• DATASET RECORDS
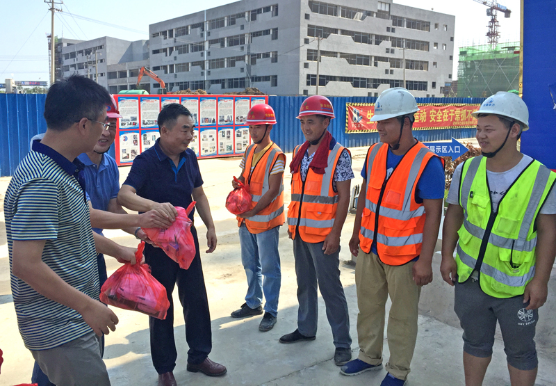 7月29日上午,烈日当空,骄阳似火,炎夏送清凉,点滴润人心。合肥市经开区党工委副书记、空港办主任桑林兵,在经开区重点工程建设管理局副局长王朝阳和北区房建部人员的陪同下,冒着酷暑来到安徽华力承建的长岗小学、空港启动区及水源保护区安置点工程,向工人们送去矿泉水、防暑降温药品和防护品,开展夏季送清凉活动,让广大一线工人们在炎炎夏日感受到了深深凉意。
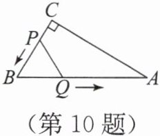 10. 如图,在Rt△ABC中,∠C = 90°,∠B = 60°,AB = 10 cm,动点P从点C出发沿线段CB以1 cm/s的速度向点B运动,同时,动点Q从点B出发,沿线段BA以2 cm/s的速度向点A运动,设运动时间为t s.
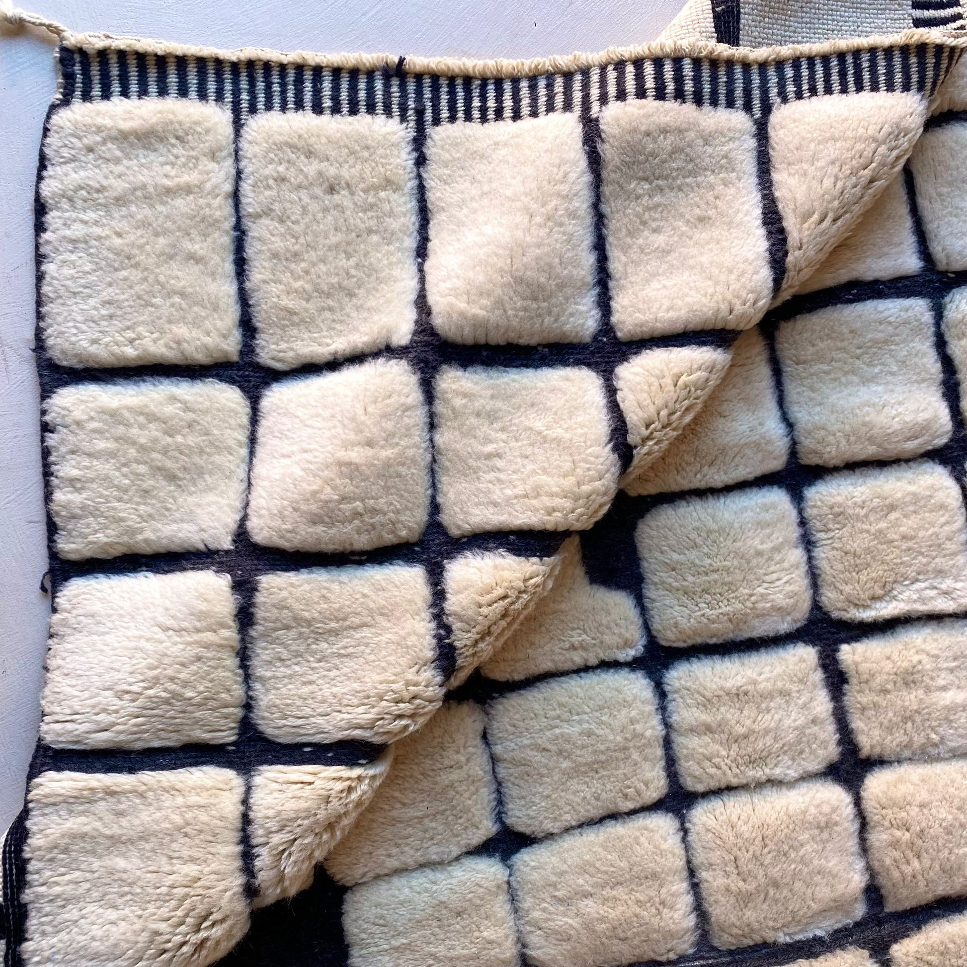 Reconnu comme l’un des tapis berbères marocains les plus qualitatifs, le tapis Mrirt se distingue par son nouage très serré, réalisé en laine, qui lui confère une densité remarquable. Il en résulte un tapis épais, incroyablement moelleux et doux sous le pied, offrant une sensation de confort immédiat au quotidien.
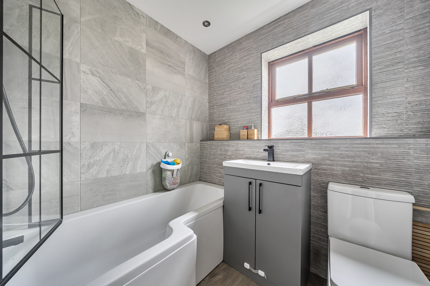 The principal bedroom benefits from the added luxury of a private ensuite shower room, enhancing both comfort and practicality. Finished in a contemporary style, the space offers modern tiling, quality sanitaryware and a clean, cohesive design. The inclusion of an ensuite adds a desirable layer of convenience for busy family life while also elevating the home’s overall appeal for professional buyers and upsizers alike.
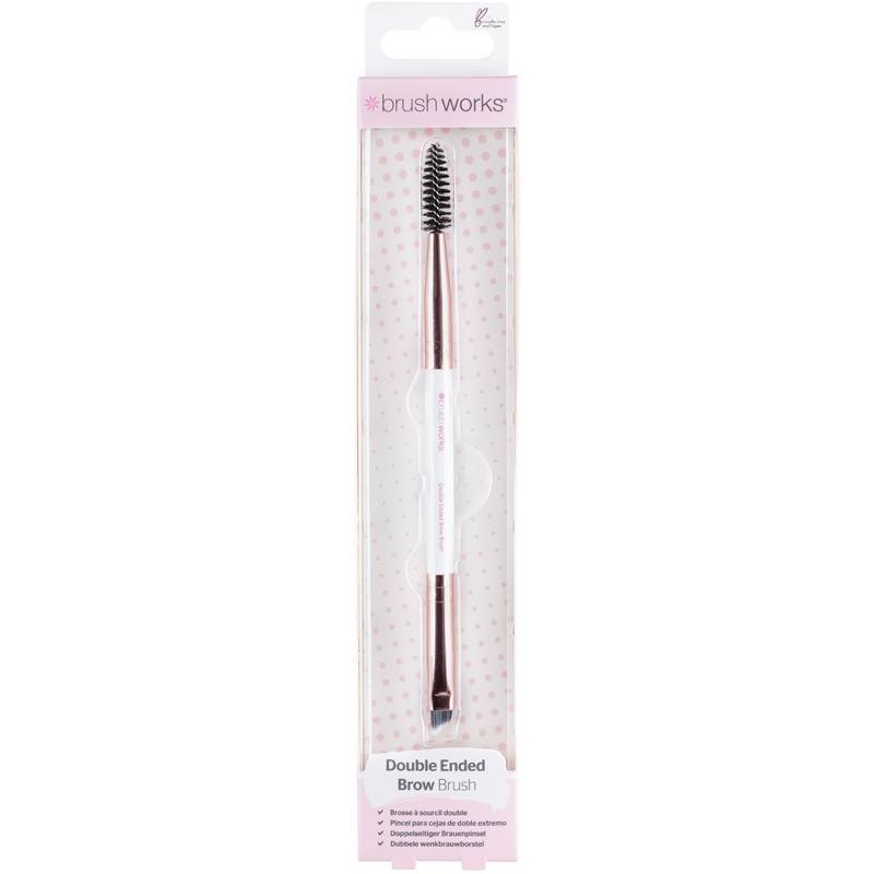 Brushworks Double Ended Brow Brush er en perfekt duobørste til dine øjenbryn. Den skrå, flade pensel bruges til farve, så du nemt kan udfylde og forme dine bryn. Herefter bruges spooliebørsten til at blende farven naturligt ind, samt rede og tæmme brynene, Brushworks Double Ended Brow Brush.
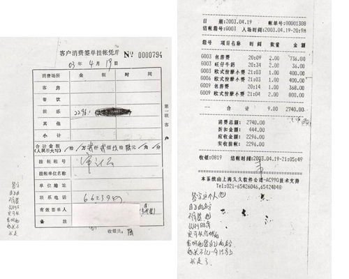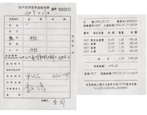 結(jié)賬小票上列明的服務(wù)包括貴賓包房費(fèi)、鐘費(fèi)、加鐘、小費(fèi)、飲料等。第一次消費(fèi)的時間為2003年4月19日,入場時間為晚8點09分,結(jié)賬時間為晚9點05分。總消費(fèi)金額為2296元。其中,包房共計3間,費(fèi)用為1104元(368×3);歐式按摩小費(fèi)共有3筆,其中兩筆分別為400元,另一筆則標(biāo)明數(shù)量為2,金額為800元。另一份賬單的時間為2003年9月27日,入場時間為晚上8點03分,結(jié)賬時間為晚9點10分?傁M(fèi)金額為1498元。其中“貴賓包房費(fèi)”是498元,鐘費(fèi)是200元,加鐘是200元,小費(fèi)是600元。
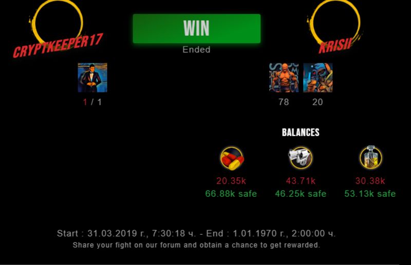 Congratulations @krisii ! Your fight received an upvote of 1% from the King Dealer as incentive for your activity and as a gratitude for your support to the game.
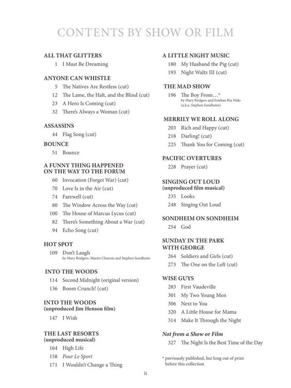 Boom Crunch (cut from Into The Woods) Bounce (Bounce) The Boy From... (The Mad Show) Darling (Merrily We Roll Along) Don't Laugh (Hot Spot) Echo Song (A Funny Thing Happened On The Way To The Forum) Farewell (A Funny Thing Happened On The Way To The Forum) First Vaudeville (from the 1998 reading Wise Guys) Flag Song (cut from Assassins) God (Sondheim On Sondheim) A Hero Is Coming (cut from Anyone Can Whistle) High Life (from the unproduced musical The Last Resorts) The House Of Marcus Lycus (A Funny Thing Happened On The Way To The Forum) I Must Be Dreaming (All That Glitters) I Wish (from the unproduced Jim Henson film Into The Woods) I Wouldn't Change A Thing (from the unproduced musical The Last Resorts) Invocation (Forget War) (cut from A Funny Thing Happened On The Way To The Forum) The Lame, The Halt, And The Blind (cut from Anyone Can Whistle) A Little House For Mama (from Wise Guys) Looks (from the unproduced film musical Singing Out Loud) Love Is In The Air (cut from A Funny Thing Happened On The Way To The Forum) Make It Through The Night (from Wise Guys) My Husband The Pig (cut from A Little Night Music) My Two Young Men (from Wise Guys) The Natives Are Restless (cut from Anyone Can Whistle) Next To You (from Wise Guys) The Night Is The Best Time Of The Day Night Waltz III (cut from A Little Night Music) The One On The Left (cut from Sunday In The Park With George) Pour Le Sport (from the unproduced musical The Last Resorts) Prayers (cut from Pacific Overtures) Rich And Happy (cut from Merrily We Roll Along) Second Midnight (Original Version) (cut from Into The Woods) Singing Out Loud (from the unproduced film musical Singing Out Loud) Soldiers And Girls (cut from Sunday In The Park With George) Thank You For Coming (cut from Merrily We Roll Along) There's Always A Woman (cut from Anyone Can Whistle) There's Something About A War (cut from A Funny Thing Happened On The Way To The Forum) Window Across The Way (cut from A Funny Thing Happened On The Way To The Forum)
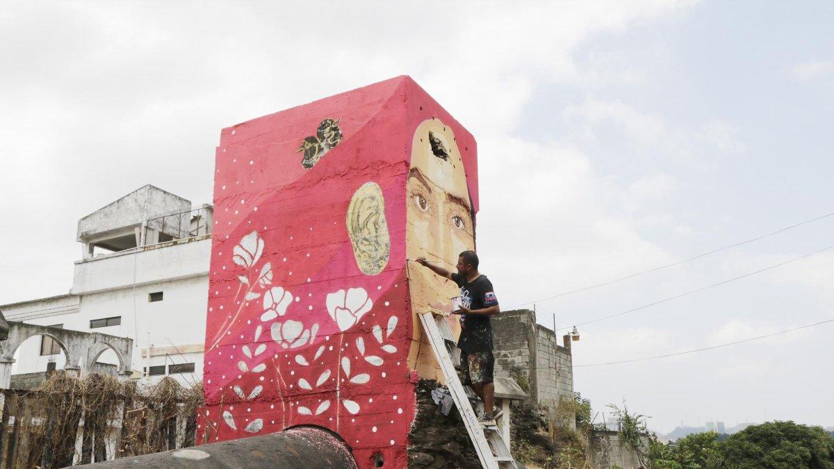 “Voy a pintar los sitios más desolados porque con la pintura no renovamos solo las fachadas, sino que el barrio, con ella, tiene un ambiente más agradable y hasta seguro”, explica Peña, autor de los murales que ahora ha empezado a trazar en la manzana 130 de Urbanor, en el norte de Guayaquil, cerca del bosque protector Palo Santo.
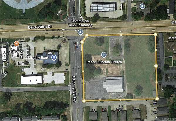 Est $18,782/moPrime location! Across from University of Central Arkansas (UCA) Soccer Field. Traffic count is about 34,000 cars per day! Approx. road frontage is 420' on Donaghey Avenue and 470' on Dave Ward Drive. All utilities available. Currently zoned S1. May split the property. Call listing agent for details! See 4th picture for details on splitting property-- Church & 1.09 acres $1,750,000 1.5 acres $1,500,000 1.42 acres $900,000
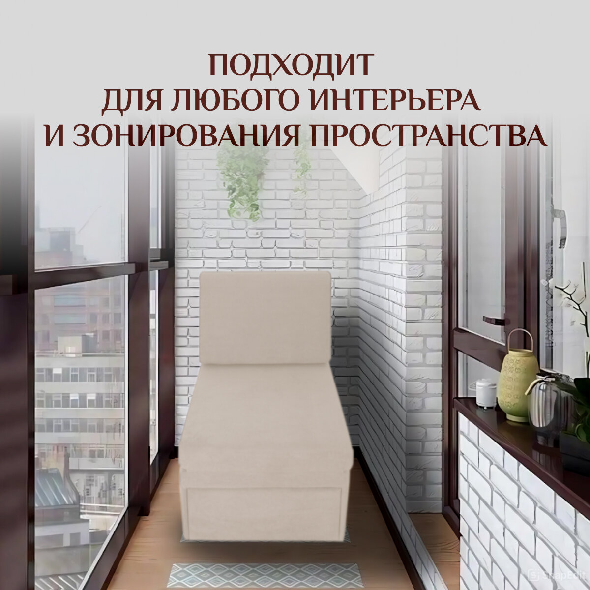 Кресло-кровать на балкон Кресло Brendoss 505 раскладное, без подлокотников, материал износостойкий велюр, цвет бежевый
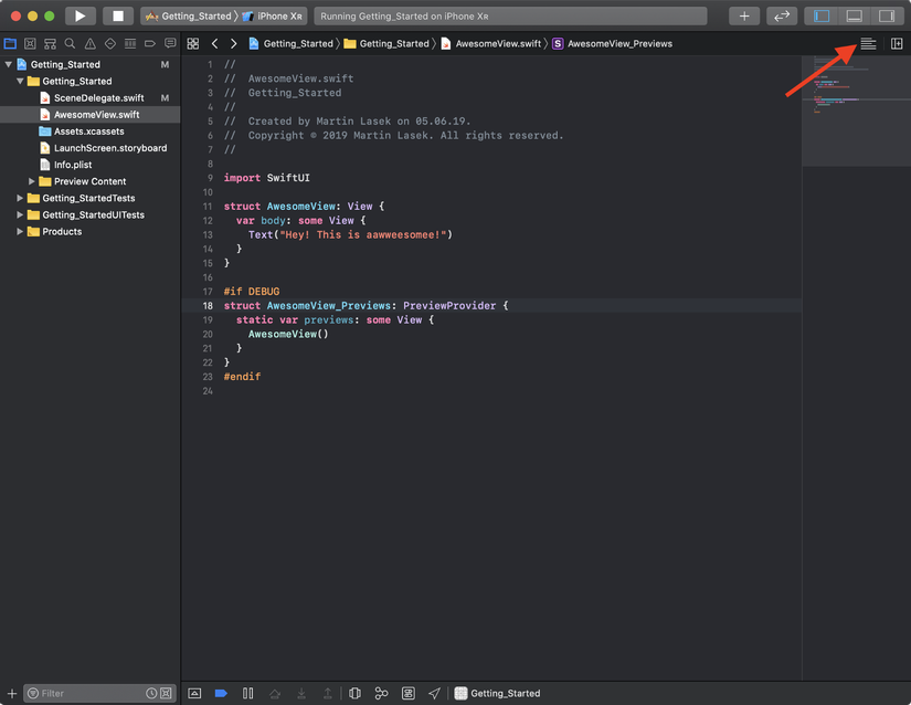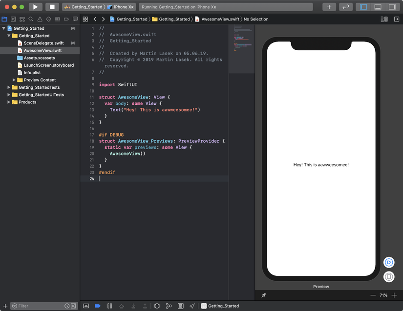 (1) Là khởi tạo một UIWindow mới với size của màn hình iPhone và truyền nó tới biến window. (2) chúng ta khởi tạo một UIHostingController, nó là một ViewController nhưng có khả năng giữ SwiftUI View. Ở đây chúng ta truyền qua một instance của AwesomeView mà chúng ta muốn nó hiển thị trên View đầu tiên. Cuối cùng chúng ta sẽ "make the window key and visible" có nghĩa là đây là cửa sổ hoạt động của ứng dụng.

• THE TASK
From the first line to the last, give the data again exactly, but without pictures.

• EXERCISE SOLUTION
 7月29日上午,烈日当空,骄阳似火,炎夏送清凉,点滴润人心。合肥市经开区党工委副书记、空港办主任桑林兵,在经开区重点工程建设管理局副局长王朝阳和北区房建部人员的陪同下,冒着酷暑来到安徽华力承建的长岗小学、空港启动区及水源保护区安置点工程,向工人们送去矿泉水、防暑降温药品和防护品,开展夏季送清凉活动,让广大一线工人们在炎炎夏日感受到了深深凉意。
 10. 如图,在Rt△ABC中,∠C = 90°,∠B = 60°,AB = 10 cm,动点P从点C出发沿线段CB以1 cm/s的速度向点B运动,同时,动点Q从点B出发,沿线段BA以2 cm/s的速度向点A运动,设运动时间为t s.
 Reconnu comme l’un des tapis berbères marocains les plus qualitatifs, le tapis Mrirt se distingue par son nouage très serré, réalisé en laine, qui lui confère une densité remarquable. Il en résulte un tapis épais, incroyablement moelleux et doux sous le pied, offrant une sensation de confort immédiat au quotidien.
 The principal bedroom benefits from the added luxury of a private ensuite shower room, enhancing both comfort and practicality. Finished in a contemporary style, the space offers modern tiling, quality sanitaryware and a clean, cohesive design. The inclusion of an ensuite adds a desirable layer of convenience for busy family life while also elevating the home’s overall appeal for professional buyers and upsizers alike.
 Brushworks Double Ended Brow Brush er en perfekt duobørste til dine øjenbryn. Den skrå, flade pensel bruges til farve, så du nemt kan udfylde og forme dine bryn. Herefter bruges spooliebørsten til at blende farven naturligt ind, samt rede og tæmme brynene, Brushworks Double Ended Brow Brush.
 結(jié)賬小票上列明的服務(wù)包括貴賓包房費(fèi)、鐘費(fèi)、加鐘、小費(fèi)、飲料等。第一次消費(fèi)的時間為2003年4月19日,入場時間為晚8點09分,結(jié)賬時間為晚9點05分。總消費(fèi)金額為2296元。其中,包房共計3間,費(fèi)用為1104元(368×3);歐式按摩小費(fèi)共有3筆,其中兩筆分別為400元,另一筆則標(biāo)明數(shù)量為2,金額為800元。另一份賬單的時間為2003年9月27日,入場時間為晚上8點03分,結(jié)賬時間為晚9點10分?傁M(fèi)金額為1498元。其中“貴賓包房費(fèi)”是498元,鐘費(fèi)是200元,加鐘是200元,小費(fèi)是600元。
 Congratulations @krisii ! Your fight received an upvote of 1% from the King Dealer as incentive for your activity and as a gratitude for your support to the game.
 Boom Crunch (cut from Into The Woods) Bounce (Bounce) The Boy From... (The Mad Show) Darling (Merrily We Roll Along) Don't Laugh (Hot Spot) Echo Song (A Funny Thing Happened On The Way To The Forum) Farewell (A Funny Thing Happened On The Way To The Forum) First Vaudeville (from the 1998 reading Wise Guys) Flag Song (cut from Assassins) God (Sondheim On Sondheim) A Hero Is Coming (cut from Anyone Can Whistle) High Life (from the unproduced musical The Last Resorts) The House Of Marcus Lycus (A Funny Thing Happened On The Way To The Forum) I Must Be Dreaming (All That Glitters) I Wish (from the unproduced Jim Henson film Into The Woods) I Wouldn't Change A Thing (from the unproduced musical The Last Resorts) Invocation (Forget War) (cut from A Funny Thing Happened On The Way To The Forum) The Lame, The Halt, And The Blind (cut from Anyone Can Whistle) A Little House For Mama (from Wise Guys) Looks (from the unproduced film musical Singing Out Loud) Love Is In The Air (cut from A Funny Thing Happened On The Way To The Forum) Make It Through The Night (from Wise Guys) My Husband The Pig (cut from A Little Night Music) My Two Young Men (from Wise Guys) The Natives Are Restless (cut from Anyone Can Whistle) Next To You (from Wise Guys) The Night Is The Best Time Of The Day Night Waltz III (cut from A Little Night Music) The One On The Left (cut from Sunday In The Park With George) Pour Le Sport (from the unproduced musical The Last Resorts) Prayers (cut from Pacific Overtures) Rich And Happy (cut from Merrily We Roll Along) Second Midnight (Original Version) (cut from Into The Woods) Singing Out Loud (from the unproduced film musical Singing Out Loud) Soldiers And Girls (cut from Sunday In The Park With George) Thank You For Coming (cut from Merrily We Roll Along) There's Always A Woman (cut from Anyone Can Whistle) There's Something About A War (cut from A Funny Thing Happened On The Way To The Forum) Window Across The Way (cut from A Funny Thing Happened On The Way To The Forum)
 “Voy a pintar los sitios más desolados porque con la pintura no renovamos solo las fachadas, sino que el barrio, con ella, tiene un ambiente más agradable y hasta seguro”, explica Peña, autor de los murales que ahora ha empezado a trazar en la manzana 130 de Urbanor, en el norte de Guayaquil, cerca del bosque protector Palo Santo.
 Est $18,782/moPrime location! Across from University of Central Arkansas (UCA) Soccer Field. Traffic count is about 34,000 cars per day! Approx. road frontage is 420' on Donaghey Avenue and 470' on Dave Ward Drive. All utilities available. Currently zoned S1. May split the property. Call listing agent for details! See 4th picture for details on splitting property-- Church & 1.09 acres $1,750,000 1.5 acres $1,500,000 1.42 acres $900,000
 Кресло-кровать на балкон Кресло Brendoss 505 раскладное, без подлокотников, материал износостойкий велюр, цвет бежевый
 (1) Là khởi tạo một UIWindow mới với size của màn hình iPhone và truyền nó tới biến window. (2) chúng ta khởi tạo một UIHostingController, nó là một ViewController nhưng có khả năng giữ SwiftUI View. Ở đây chúng ta truyền qua một instance của AwesomeView mà chúng ta muốn nó hiển thị trên View đầu tiên. Cuối cùng chúng ta sẽ "make the window key and visible" có nghĩa là đây là cửa sổ hoạt động của ứng dụng.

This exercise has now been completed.